▶ **WHAT YOU ARE ASKED TO DO**
The required output is an exact restatement of the lines, starting with the one that contains "- 半导体层指的是支撑AI技" and finishing with the last line of the listing. It contains no pictures.

▶ **DATA BLOCK**
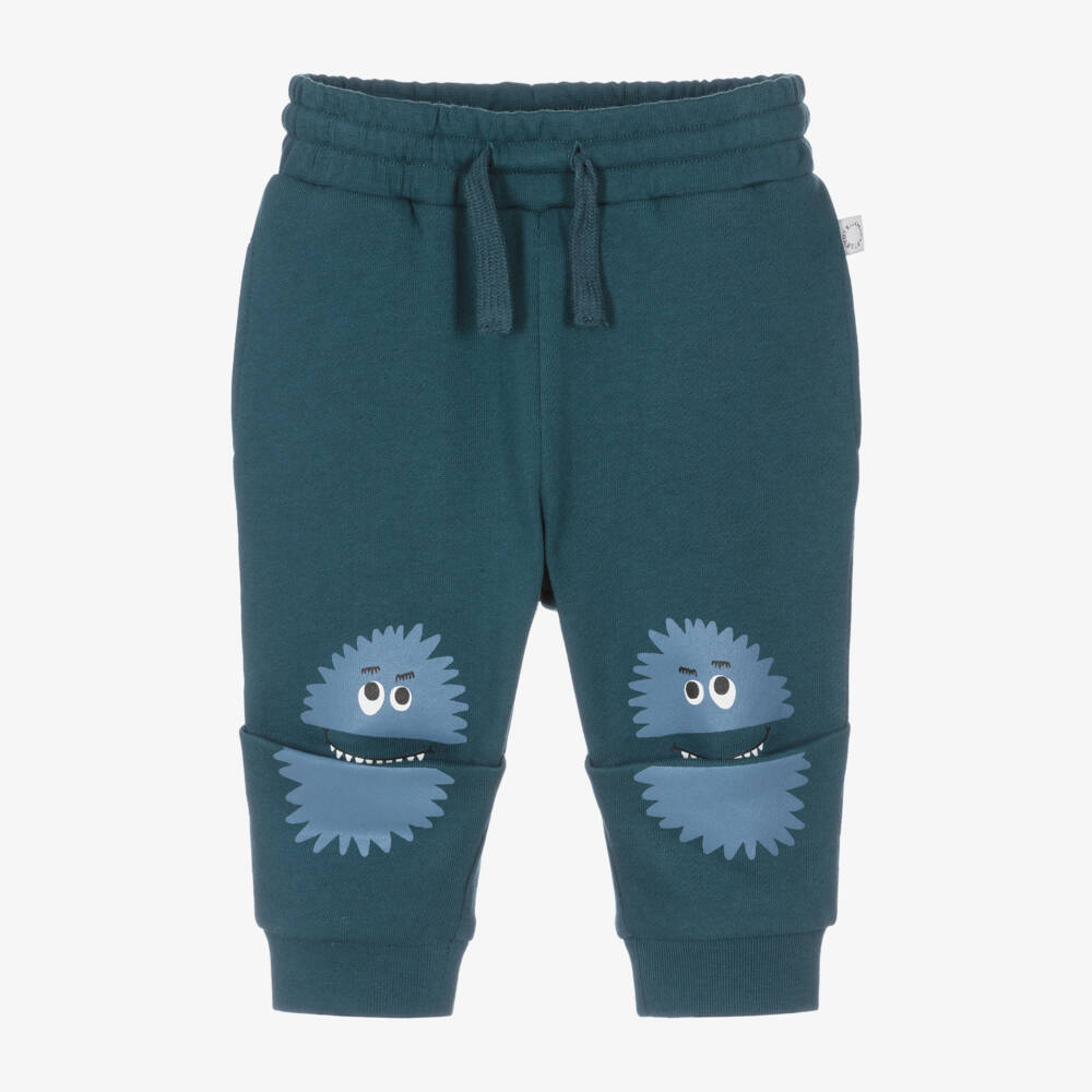Petrol blue organic cotton joggers for little boys from Stella McCartney Kids. Gentle on the skin, these soft and comfortable cuffed joggers are made in stretchy, medium-weight jersey, with a softly elasticated and adjustable waist. With tonal blue monster prints, the joggers have pleated fabric on the knees which unfold to reveal friendly smiling faces. Convenient side pockets and a woven logo tab complete the design. The Stella McCartney fit can be quite small so choose a size up if you want room to grow.
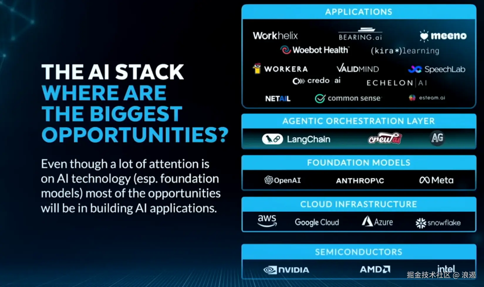 - 半导体层指的是支撑AI技术硬件层面的基础,尤其是高性能计算芯片。这些芯片对于执行复杂的AI算法至关重要。像NVIDIA、AMD和Intel这样的公司生产专门用于加速机器学习任务的GPU和其他类型的处理器。
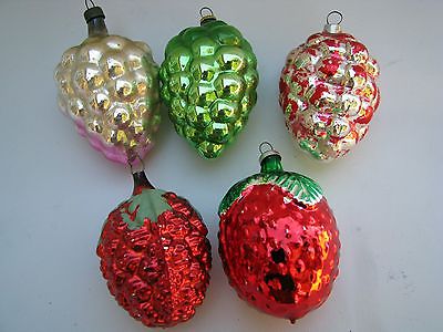 Lot Vintage BERRY Strawberry Grape Handblown Mercury Glass Christmas Ornaments

▶ **ANSWER TO THIS TASK**
 - 半导体层指的是支撑AI技术硬件层面的基础,尤其是高性能计算芯片。这些芯片对于执行复杂的AI算法至关重要。像NVIDIA、AMD和Intel这样的公司生产专门用于加速机器学习任务的GPU和其他类型的处理器。
 Lot Vintage BERRY Strawberry Grape Handblown Mercury Glass Christmas Ornaments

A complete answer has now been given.